The second weakness arose from the use of the molecular clock. The sceptics were still uncertain about Wilson’s earlier use of sequence variation to derive a figure of 5 million years. Now the molecular clock was brought into play for an even shorter time span. Opinion still varies as to how far it can be pushed to perform in the very recent evolutionary time scales of archaeology. Thorne and Wolpoff doubted it could be brought forward more than half a million years.

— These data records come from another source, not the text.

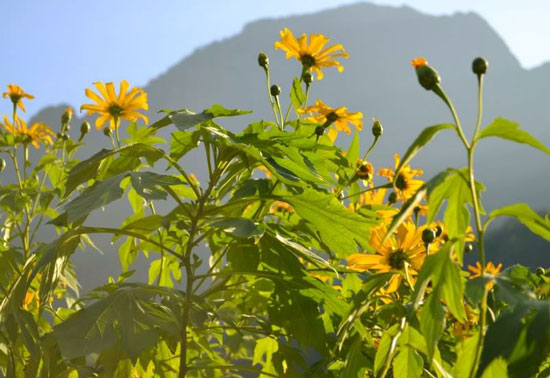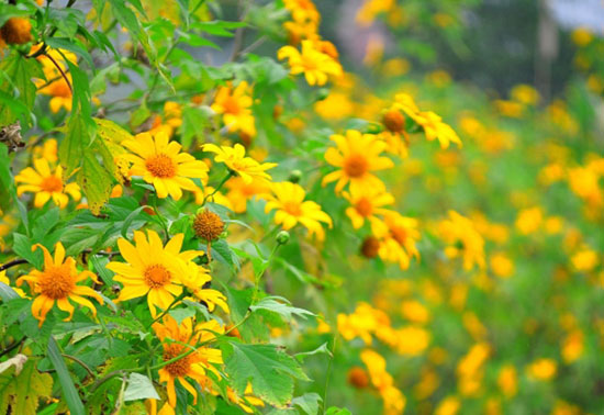 Hoa dã quỳ Ba Vì thường ra hoa vào cuối thu, đầu đông khoảng tháng 10 – 11 hàng năm và nở rộ trong khoảng 2 tuần, bắt đầu từ giữa tháng 11 dương lịch. Khắp sườn núi, trong các khu thắng cảnh của miền núi Ba Vì, trên nền xanh mướt của cỏ cây hoa lá, màu vàng hoa dã quỳ rực rỡ tô điểm cho cảnh sắc nơi đây bừng sáng, ấm áp. Đến Ba Vì trong khoảng thời gian này, du khách chụp ảnh, thưởng ngoạn hoa dã quỳ đẹp nhất vào buổi sáng, khi cái nắng của mùa đông vừa hừng lên, sương vẫn còn đọng trên lá và những cánh hoa dã quỳ. Núi Tản vào mùa hoa dã quỳ cũng như được khoác lên tấm áo họa tiết thiên nhiên sinh động khiến du khách đắm say, mê mải…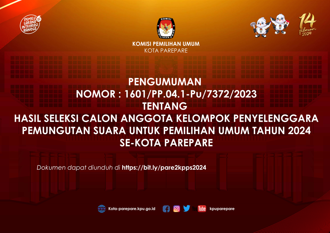 Berdasarkan Hasil Seleksi Calon Anggota Kelompok Penyelenggara Pemungutan Suara untuk Pemilu Tahun 2024, disampaikan hal-hal sebagai berikut :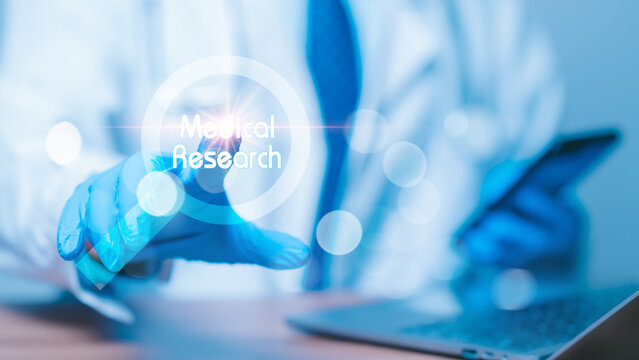 A doctor looks at a virtual screen, analyzes digital healthcare and network connectivity based on a modern interface, medical technology and a futuristic concept.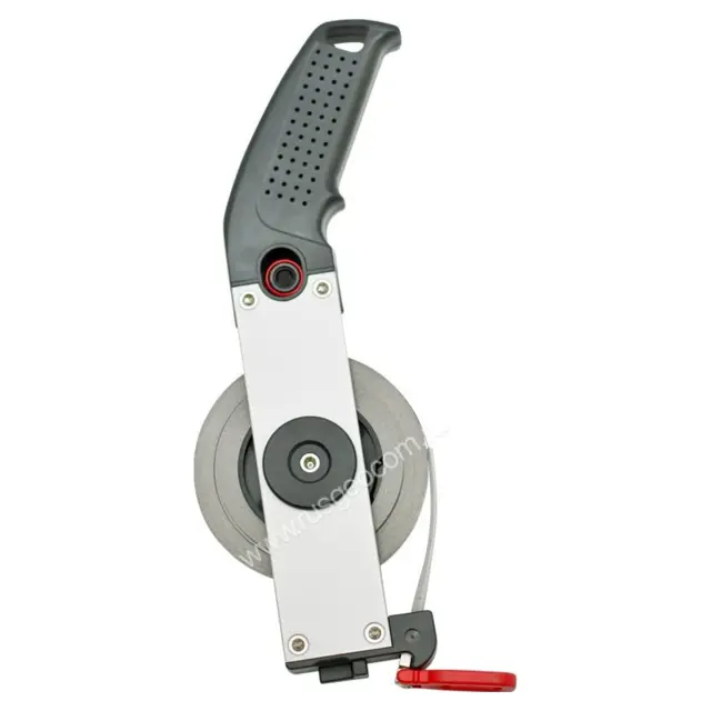 Рукоятка может перемещаться в обе стороны, что обеспечивает возможность использования рулетки BMI STANDARD 20 M как правой, так и левой рукой. Эргономичная форма и специальное прорезиненное покрытие предотвращают выскальзывание рулетки из рук и обеспечивают комфортную работу в течение долгого времени.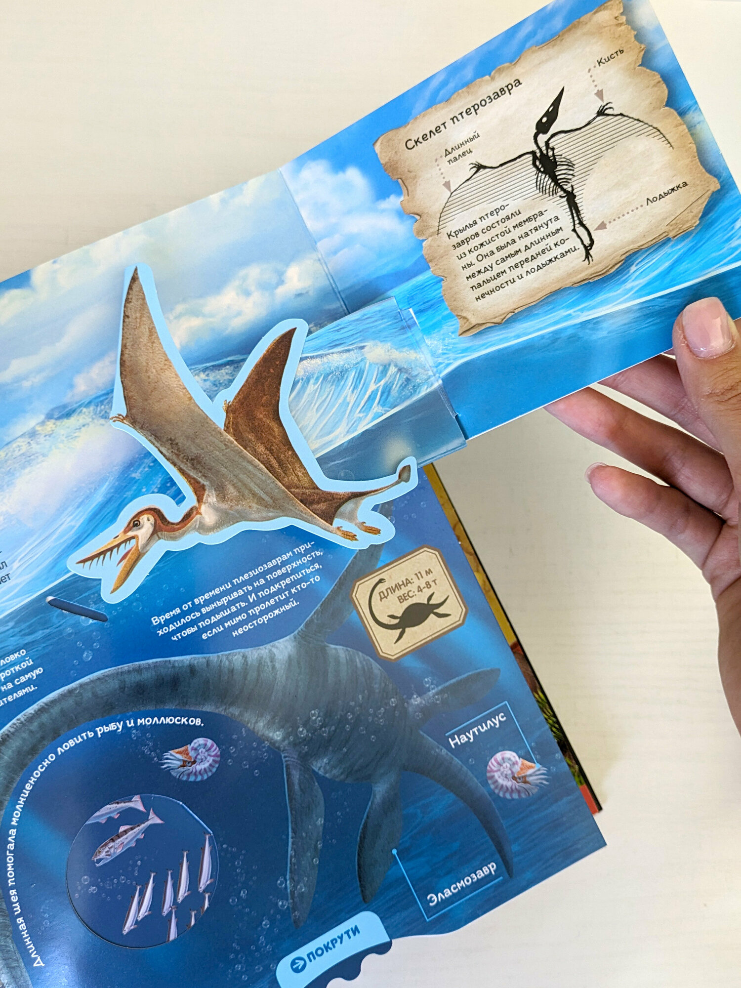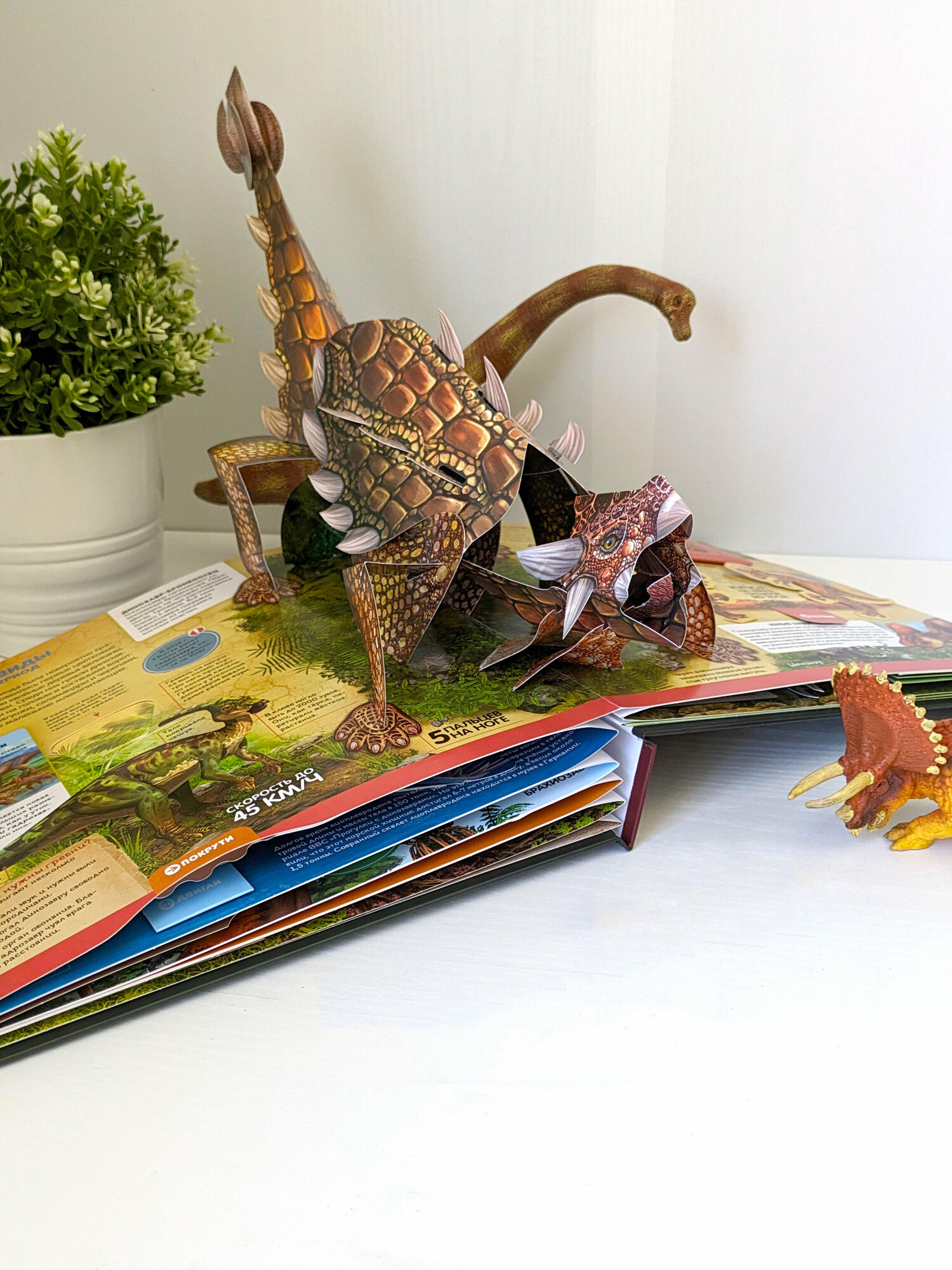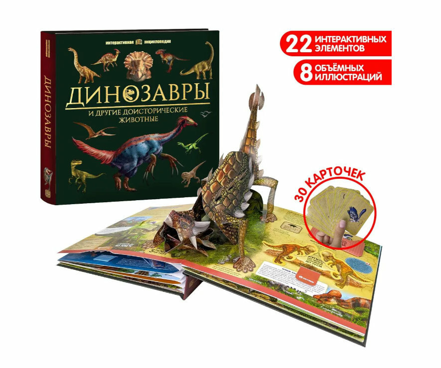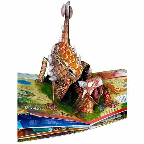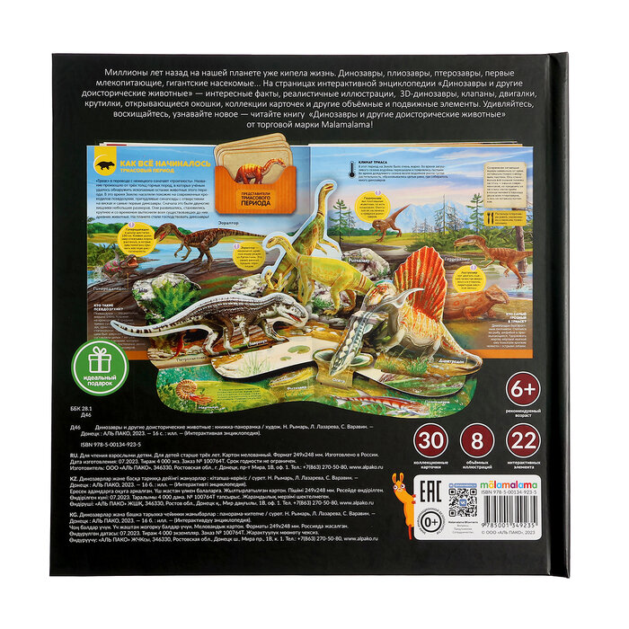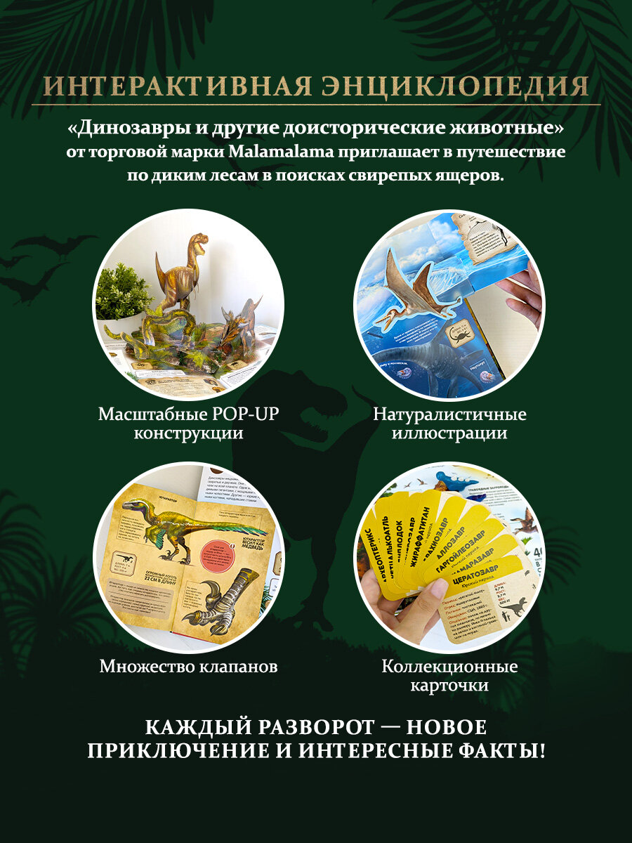 Интерактивная энциклопедия «Динозавры и другие доисторические животные» от торговой марки Malamalama — это захватывающее путешествие по доисторической Земле. Ваш малыш сможет прогуляться в древних тропических лесах, где познакомится со знаменитыми свирепыми ящерами. Масштабные POP-UP конструкции, множество клапанов и выдвигающихся элементов, интересные факты, натуралистичные иллюстрации — всё это ждёт юного читателя под обложкой энциклопедии. Эта первая энциклопедия динозавров для детей - красочная и познавательная книга, знакомящая школьников разного возраста с увлекательным миром этих невероятных животных. Книга, представленная в виде иллюстрированной энциклопедии, знакомит детей с удивительным миром динозавров в привлекательной форме. Это издание отлично подойдёт как мальчикам, так и девочкам, которые активно интересуются окружающим миром и животными. На страницах этой детской энциклопедии понятным для детей языком рассказывается о жизни этих древнейших животных на планете Земля. А красивые иллюстрации захватывают воображение ребёнка и помогают образно представить древний мир динозавров. Интерактивная энциклопедия — идеальная настольная книга для маленького почемучки. Разгадывайте главную загадку нашей планеты — изучайте удивительных ящеров вместе с Malamalama!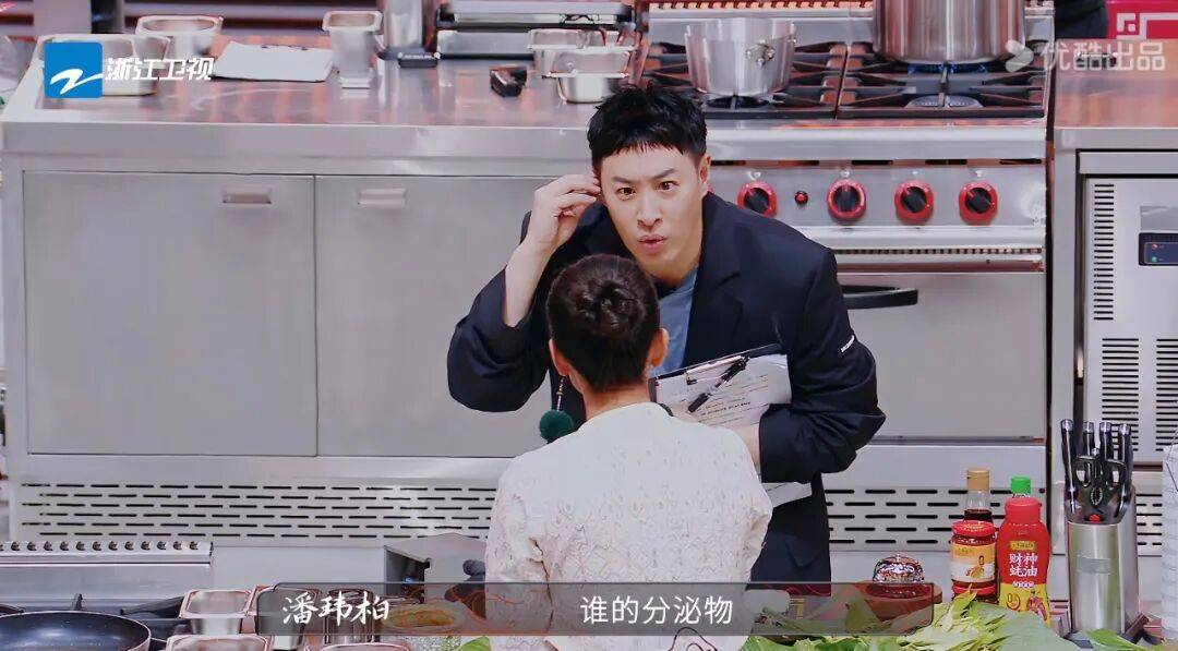 这个设计有利有弊。优点在于,“内娱知名吃货”潘玮柏、“前餐饮从业者”岳云鹏给节目引入了贴近老百姓的口味角度,他们的试吃品鉴环节娱乐效果拉满,岳云鹏手痒痒也要颠上几勺、潘帅哭着喊着“乞求”多喝一碗鸡汤,给令人窒息的竞技场平添了几分轻松,也拉近了高端厨师和吃货观众的心理距离。
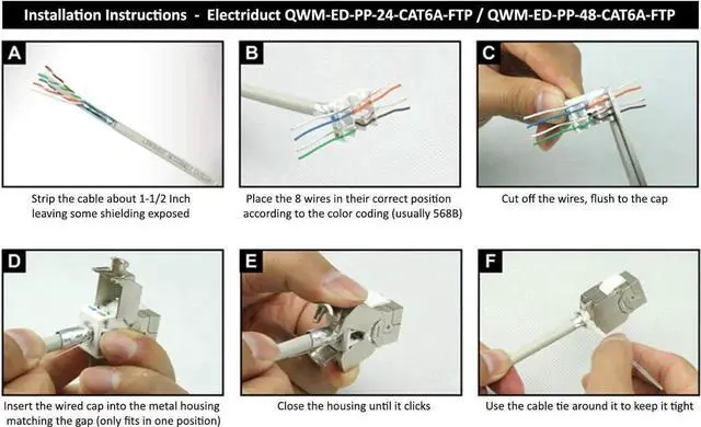 NO Punch-Down tool necessary (but recommended) / Keystones with color-coded T568A and T568B wiring diagrams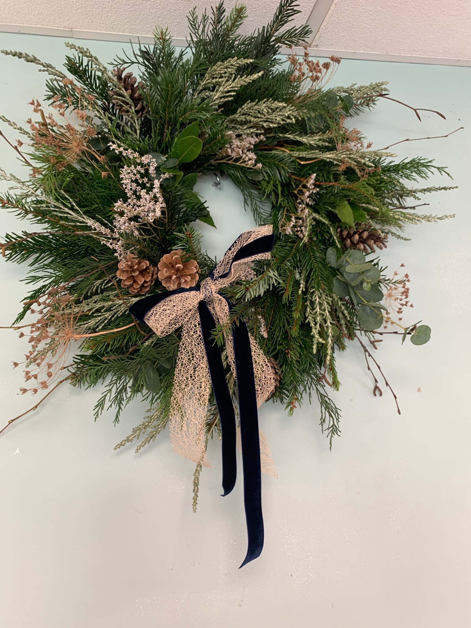 A deluxe Christmas wreath from Sow Grateful handmade with a beautiful mix of seasonal, local foliage and decorated with pine cones, dried flowers, seedheads and deluxe ribbon.
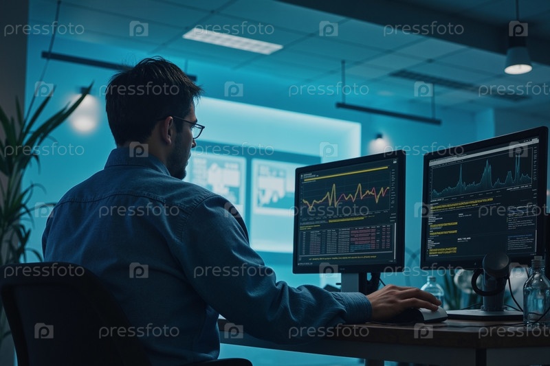 Молодой взрослый мужчина анализирует финансовые данные на компьютерных мониторах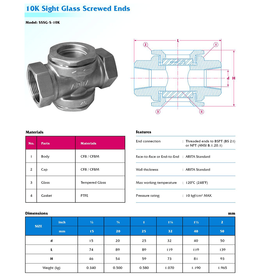 ARITA CAST IRON SIGHT GLASS SCREWED ENDS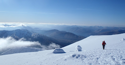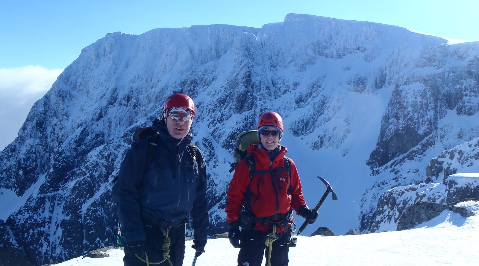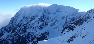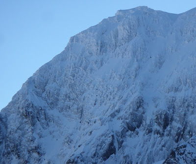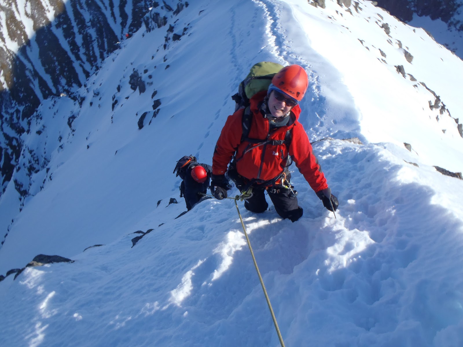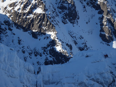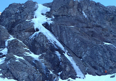 Today I was with Steve and Julia, who wanted a quality mountaineering grade II on Ben Nevis, so that had to be Ledge Route. On our way there we could see that teams had started early for many high mountain routes, especially on Orion Face, all the harder gully lines and Tower Ridge etc. In fact, there seemed to be teams everywhere! The Curtain was still being climbed, although the first few metres look thin.

If that was not enough, the use of the computed tree was also an interpretative minefield. Computers are powerful things; it’s not so difficult to get a computer to take a batch of data and build a tree out of it, based on some variable related to similarity. It isnot even so difficult to get it to build a range of different trees, by fine-tuning what is meant by ‘similarity’, and adjusting other variables and assumptions. The multi-regionalists quite predictably went for that Achilles’ heel with vigour, and repeatedly found a target to hit. It was a baptism of fire for Rebecca Cann, who experienced the furore that could arise from challenging established views about the human past. The comment ranged widely between enthusiasm and ridicule, but grant applications became difficult. But for the encouragement of her supervisor, Allan Wilson, Cann was ready to quit. To him it was a familiar scenario. His compressed time scale for primate evolution had caused a similar rumpus twenty years earlier, but had stood the test of time. The Mitochondrial Eve argument, and all its implications about the wider pattern of human beginnings, had some way to go.